TRY IT | Retype the records below from their first line through the line containing "I used to do", and include nothing else.

--- START ---

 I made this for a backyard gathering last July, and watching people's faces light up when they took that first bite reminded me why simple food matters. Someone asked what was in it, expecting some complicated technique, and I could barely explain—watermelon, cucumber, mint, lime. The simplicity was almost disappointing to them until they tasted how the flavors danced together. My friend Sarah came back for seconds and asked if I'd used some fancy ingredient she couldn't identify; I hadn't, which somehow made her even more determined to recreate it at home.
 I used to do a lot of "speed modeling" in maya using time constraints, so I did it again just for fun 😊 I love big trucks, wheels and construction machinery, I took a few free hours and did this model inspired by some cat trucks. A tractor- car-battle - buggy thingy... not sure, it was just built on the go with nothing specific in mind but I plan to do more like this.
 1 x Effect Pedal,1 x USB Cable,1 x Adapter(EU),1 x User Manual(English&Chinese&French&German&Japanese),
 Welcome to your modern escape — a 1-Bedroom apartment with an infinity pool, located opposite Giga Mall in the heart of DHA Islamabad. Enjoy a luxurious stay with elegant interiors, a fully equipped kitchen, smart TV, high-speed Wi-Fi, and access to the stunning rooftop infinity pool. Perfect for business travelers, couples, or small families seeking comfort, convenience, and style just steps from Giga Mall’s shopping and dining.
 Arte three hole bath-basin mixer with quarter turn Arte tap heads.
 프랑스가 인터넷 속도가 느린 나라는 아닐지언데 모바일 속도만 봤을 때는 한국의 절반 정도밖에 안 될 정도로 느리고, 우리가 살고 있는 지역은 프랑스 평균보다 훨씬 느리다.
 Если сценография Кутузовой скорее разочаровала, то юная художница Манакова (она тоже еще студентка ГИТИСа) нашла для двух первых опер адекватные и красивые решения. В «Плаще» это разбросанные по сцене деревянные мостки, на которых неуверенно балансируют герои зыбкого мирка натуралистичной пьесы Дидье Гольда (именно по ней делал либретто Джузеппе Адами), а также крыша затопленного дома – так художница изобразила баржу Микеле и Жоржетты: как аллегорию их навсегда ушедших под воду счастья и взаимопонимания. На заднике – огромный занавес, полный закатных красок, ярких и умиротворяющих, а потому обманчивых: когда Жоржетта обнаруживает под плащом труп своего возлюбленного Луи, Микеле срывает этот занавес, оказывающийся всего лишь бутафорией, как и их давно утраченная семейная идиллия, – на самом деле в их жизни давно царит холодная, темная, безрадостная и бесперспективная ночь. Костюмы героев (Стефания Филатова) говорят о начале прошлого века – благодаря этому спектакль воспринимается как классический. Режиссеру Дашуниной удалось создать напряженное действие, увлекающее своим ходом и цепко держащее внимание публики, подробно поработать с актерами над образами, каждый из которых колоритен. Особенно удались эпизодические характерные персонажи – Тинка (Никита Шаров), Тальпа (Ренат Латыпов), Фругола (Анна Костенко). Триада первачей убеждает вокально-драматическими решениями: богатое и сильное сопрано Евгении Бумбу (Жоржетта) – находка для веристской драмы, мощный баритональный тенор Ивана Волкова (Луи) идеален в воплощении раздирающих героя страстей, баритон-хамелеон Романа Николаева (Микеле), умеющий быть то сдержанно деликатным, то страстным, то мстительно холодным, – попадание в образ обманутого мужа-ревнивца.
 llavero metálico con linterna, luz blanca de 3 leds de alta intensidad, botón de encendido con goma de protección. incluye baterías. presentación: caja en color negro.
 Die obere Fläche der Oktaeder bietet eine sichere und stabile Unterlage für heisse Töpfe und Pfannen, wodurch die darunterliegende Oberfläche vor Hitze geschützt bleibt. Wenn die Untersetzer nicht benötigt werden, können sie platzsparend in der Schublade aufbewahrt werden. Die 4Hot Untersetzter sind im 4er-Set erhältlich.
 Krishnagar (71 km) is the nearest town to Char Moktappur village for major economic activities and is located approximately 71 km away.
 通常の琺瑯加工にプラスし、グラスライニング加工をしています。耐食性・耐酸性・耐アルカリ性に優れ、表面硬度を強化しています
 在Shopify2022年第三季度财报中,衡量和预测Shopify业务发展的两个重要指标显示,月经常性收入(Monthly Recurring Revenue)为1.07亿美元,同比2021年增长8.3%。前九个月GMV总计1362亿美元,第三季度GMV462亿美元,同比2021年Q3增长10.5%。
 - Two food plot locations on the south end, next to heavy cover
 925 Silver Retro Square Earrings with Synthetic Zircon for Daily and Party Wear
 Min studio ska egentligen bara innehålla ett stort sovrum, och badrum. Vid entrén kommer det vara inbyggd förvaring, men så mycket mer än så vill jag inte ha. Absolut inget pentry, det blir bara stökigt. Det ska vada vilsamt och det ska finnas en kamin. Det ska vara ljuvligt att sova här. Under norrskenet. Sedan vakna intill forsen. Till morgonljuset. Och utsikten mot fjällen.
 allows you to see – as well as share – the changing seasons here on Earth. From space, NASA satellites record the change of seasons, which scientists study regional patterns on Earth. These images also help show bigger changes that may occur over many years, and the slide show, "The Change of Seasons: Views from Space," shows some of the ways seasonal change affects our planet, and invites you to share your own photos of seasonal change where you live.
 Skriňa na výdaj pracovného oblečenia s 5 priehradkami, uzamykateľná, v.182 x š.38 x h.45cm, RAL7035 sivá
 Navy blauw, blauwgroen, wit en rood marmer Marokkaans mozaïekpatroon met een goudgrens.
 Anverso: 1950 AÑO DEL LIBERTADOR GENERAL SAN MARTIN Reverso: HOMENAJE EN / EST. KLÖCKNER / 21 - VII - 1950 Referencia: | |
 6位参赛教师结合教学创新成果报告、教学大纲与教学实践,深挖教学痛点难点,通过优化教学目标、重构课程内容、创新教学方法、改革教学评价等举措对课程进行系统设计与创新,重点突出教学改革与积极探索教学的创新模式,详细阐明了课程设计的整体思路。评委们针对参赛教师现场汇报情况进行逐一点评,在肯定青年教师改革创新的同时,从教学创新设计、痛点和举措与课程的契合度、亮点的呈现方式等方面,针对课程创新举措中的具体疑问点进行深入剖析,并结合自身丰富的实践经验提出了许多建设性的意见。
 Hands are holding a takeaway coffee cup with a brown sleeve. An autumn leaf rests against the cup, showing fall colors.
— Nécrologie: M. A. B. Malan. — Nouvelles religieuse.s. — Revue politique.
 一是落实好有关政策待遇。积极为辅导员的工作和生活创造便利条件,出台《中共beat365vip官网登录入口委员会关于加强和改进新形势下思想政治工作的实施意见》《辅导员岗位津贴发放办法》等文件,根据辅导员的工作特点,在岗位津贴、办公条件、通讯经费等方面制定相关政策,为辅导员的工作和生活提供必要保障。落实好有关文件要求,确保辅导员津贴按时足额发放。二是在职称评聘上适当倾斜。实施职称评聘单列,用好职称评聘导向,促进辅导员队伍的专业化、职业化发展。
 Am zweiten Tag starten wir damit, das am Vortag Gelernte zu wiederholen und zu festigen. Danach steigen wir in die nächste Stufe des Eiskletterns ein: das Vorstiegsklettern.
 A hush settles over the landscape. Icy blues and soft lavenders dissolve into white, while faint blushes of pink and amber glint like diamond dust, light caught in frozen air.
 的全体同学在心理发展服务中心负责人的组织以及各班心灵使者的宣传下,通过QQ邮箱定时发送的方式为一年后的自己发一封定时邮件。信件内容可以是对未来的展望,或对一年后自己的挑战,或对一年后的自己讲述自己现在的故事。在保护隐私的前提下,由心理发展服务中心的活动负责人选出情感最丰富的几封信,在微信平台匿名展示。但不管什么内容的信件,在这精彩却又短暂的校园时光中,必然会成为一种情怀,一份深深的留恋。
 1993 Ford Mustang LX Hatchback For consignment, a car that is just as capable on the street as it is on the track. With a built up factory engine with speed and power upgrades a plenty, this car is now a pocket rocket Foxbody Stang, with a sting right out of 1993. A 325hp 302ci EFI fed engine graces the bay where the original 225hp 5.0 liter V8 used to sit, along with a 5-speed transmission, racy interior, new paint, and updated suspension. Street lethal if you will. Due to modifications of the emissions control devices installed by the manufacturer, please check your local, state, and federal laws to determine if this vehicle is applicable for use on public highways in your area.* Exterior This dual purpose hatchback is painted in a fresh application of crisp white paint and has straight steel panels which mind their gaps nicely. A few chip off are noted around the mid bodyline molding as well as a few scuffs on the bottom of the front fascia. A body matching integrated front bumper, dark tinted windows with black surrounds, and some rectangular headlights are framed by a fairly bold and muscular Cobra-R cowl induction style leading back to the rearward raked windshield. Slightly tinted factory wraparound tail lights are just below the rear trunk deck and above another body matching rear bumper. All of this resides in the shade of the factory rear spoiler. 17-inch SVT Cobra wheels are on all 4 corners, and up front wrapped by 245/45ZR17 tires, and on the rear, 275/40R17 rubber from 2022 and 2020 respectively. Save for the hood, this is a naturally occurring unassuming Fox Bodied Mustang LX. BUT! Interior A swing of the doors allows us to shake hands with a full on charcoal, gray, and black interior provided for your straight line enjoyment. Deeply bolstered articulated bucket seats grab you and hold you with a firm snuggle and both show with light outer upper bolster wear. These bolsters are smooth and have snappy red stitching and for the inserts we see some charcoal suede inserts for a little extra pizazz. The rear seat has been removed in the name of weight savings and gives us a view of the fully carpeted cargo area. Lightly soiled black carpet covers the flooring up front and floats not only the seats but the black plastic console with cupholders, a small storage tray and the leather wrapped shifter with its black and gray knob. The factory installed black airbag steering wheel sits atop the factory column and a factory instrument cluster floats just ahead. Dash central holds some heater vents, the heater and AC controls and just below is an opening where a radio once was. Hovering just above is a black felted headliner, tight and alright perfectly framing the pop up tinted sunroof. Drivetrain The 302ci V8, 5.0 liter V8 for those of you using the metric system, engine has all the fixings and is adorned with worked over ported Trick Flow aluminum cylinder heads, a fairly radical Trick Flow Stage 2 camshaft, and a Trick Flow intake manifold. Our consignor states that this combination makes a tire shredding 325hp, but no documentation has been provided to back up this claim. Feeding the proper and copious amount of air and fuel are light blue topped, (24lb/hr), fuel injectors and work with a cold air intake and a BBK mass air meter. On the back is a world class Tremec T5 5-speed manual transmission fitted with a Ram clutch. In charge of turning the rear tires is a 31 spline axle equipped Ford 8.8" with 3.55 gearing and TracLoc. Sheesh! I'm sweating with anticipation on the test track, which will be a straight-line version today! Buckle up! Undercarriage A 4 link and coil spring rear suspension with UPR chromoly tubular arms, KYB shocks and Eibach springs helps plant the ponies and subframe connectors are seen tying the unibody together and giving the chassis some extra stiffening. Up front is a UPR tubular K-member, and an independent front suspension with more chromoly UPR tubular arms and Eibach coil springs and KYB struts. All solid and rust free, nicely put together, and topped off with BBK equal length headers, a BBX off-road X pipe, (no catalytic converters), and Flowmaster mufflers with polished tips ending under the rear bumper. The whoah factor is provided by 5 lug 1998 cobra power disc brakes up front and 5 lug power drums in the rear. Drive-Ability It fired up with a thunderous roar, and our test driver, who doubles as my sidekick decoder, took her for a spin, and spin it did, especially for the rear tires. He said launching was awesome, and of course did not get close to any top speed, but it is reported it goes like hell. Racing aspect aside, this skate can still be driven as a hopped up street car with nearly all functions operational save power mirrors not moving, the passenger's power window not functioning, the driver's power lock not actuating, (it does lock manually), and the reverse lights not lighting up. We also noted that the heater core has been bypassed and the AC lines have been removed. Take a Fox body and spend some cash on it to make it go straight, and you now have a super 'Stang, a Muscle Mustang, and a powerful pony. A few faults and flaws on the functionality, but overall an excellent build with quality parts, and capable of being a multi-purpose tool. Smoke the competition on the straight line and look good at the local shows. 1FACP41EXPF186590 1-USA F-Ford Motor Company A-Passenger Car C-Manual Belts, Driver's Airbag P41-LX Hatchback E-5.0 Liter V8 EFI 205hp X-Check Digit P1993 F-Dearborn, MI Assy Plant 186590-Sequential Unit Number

--- END ---

YOUR SOLUTION |
 I made this for a backyard gathering last July, and watching people's faces light up when they took that first bite reminded me why simple food matters. Someone asked what was in it, expecting some complicated technique, and I could barely explain—watermelon, cucumber, mint, lime. The simplicity was almost disappointing to them until they tasted how the flavors danced together. My friend Sarah came back for seconds and asked if I'd used some fancy ingredient she couldn't identify; I hadn't, which somehow made her even more determined to recreate it at home.
 I used to do a lot of "speed modeling" in maya using time constraints, so I did it again just for fun 😊 I love big trucks, wheels and construction machinery, I took a few free hours and did this model inspired by some cat trucks. A tractor- car-battle - buggy thingy... not sure, it was just built on the go with nothing specific in mind but I plan to do more like this.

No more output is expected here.